Theban forerunners in the van arrived at the outskirts on the north side of the city where the quarters of our military officers are situated on high ground. There they encountered the king’s son Archidamus with his hundred young partisans and the fracas in the narrow streets was furious.

Our old king and his troop of guardsmen joined the defenders with yours truly Strymon in the midst of the hoplite veterans alongside the king. During the skirmishing I received a slight wound on my forearm.

As we were contending mightily, an astonishing spectacle dazzled our eyes and rallied our spirits. Glorious Isidas fresh from the bathhouse his naked body glistening with oil forced his way into the crush of combatants brandishing his father’s spear and sword in either hand. He threw himself at the ranks of the enemy and struck down and laid low all who opposed him. He raged like mighty Ares himself, and we who saw him in action both enemy and fellow soldiers were awestruck by his godlike appearance and audacity.
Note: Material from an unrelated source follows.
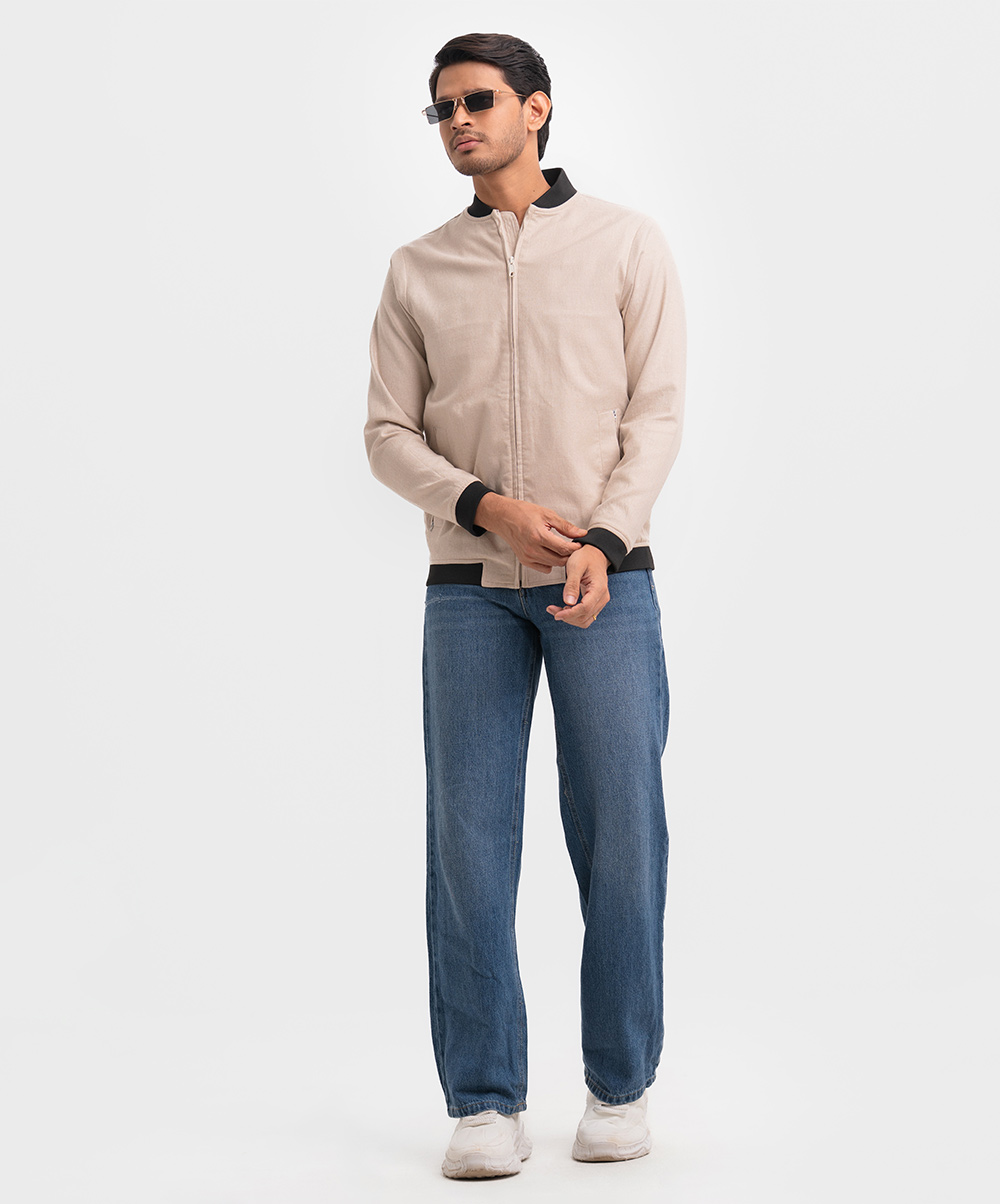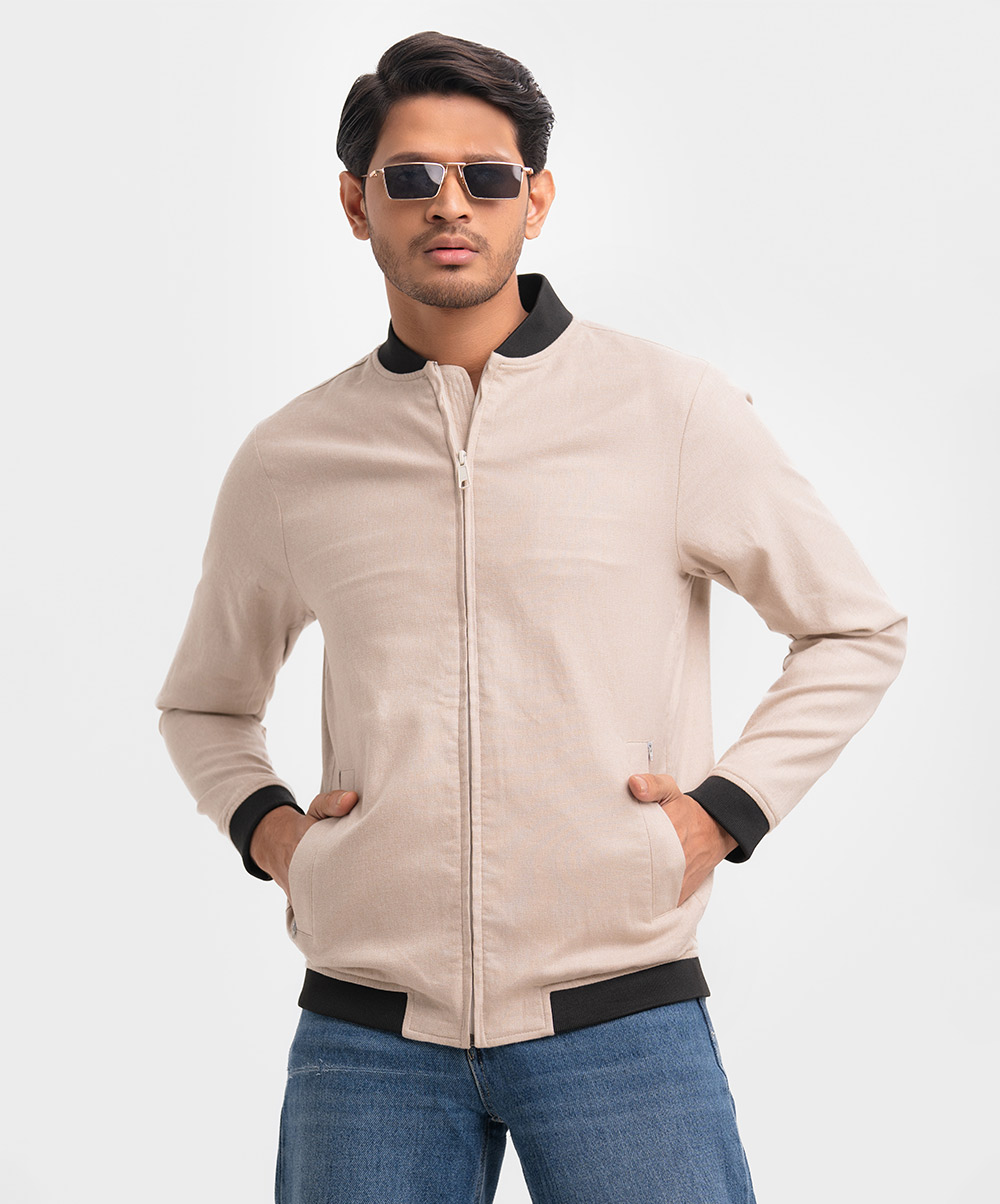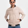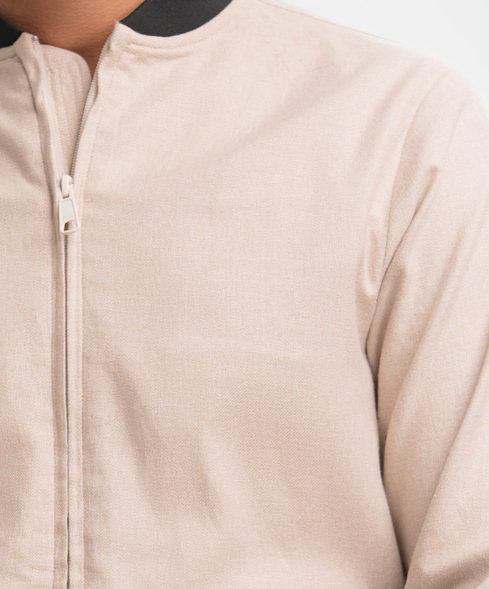 Off-white Cotton Blended Bomber Jacket

Fighting naked, no armor or helmet to protect him, he received not a single scratch on his vulnerable body. Everyone is certain that one of the Olympians most likely Ares God of War was safe-guarding hotheaded Isidas son of Phoebidas.

After the Thebans were routed and pushed beyond the boundary posts of Laconia, Archidamus the king’s son erected a trophy alongside the officer’s quarters where the fighting had been heaviest, and the king and the euphors crowned impetuous Isidas with a wreath of gold for his Spartan valor.
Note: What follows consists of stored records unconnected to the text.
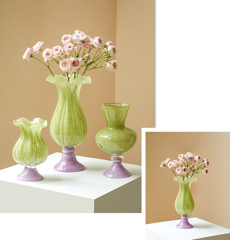This colored glaze glass vase (Liuli Vase) is poetry captured in glass, bringing a room to life with its inner glow. Bathed in natural light, it doesn't just sit on a table - it comes alive, scattering soft prisms of colour across the walls like fragments of a dream. Its smooth, luminous surface catches the eye, offering a moment of quiet elegance in a busy space.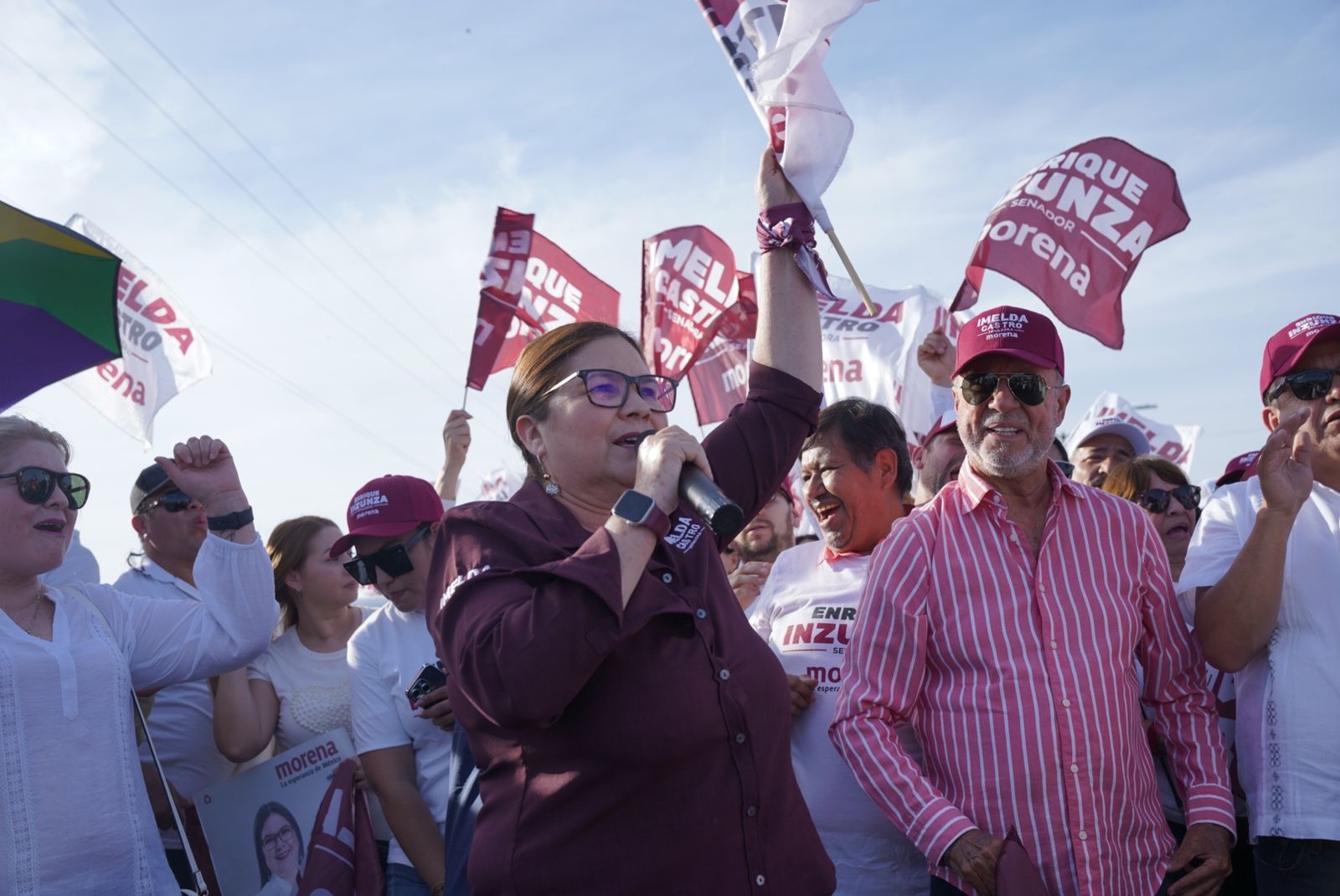 Imelda Castro, candidata en primera fórmula, dirigió unas palabras a los congregados en el área conocida como Ampliación Malecón Nuevo: “Muy buenas tardes, maestras y maestros, les agradecemos mucho su presencia esta tarde. Estamos viviendo un momento estelar en la vida pública de México. Sin las maestras y sin los maestros no hay Cuarta Transformación”, aseguró con emoción.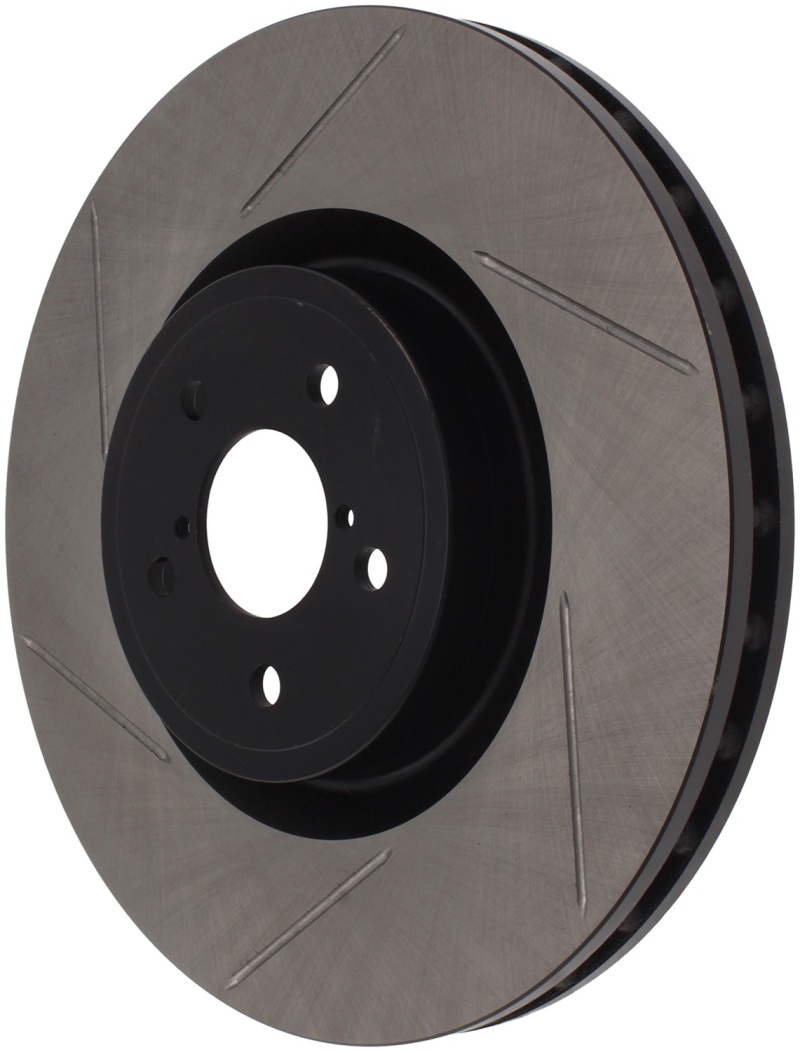 StopTech Slotted Sport Rotors are 1-piece direct replacement brake discs for factory brake systems and stock calipers that look great behind your wheels * and offer significantly improved braking performance. The unique slotting aids with heat and brake dust dispersal; prevents glazing of the pads; adds bite and improves wet and dry braking performance. Built to last; the black e-coating provides protection from corrosion and the high carbon metallurgy (in most applications) offers quieter operation; better crack resistance and increased performance.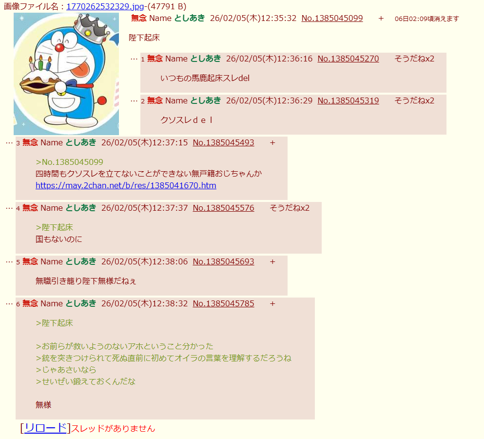 | … | 86無念Nameとしあき26/02/05(木)12:44:23No.1385047184そうだねx4 1770263063698.png-(198947 B) 陛下()起床を消して逃げたな |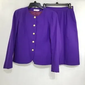 Vintage Gregor Wool Purple Skirt Suit Blazer Jacket 8 Lined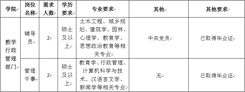 根據(jù)學(xué)院工作需要,現(xiàn)面向社會(huì)補(bǔ)充招聘教師及管理干事,具體要求如下:

Later, the euphors voted to fine Isidas one thousand drachmas for his foolhardy rashness fighting naked without helmet, shield, or armor. The same euphors had prosecuted Isidas’ father Phoebidas twenty years ago when he captured the Theban citadel during the Feast of Demeter without shedding a single drop of blood. Phoebidas was fined one hundred thousand drachmas and censured by the euphors for his indiscretion, for conducting a campaign on a religious holy day and for seizing the Cadmea at Thebes without orders from headquarters. Our grateful king paid the fines of both father and son.

Agesilaus promised celebrated Isidas that should there be anything he desires that is in keeping with the longstanding traditions of us Spartans he need only mention it and the king would grant his request.

Isidas had two requests. He asked to be permitted to fight alongside the adult men in the forefront of the vanguard and to be allowed to quit the boy’s barracks and move into private quarters where he and his new lover could sleep together and engage in masculine pursuits. Our generous king awarded Isidas both honors.

Now at night when my enthusiastic bunkmate is sprawled naked beside me, his fragrant red curls spilled across my chest and his impetuous erection thrust hard against my thigh, my solicitous boon companion lightly traces his forefinger over one or another of my eighty-nine battle scars and kisses my snowy white whiskers and coos like a turtledove.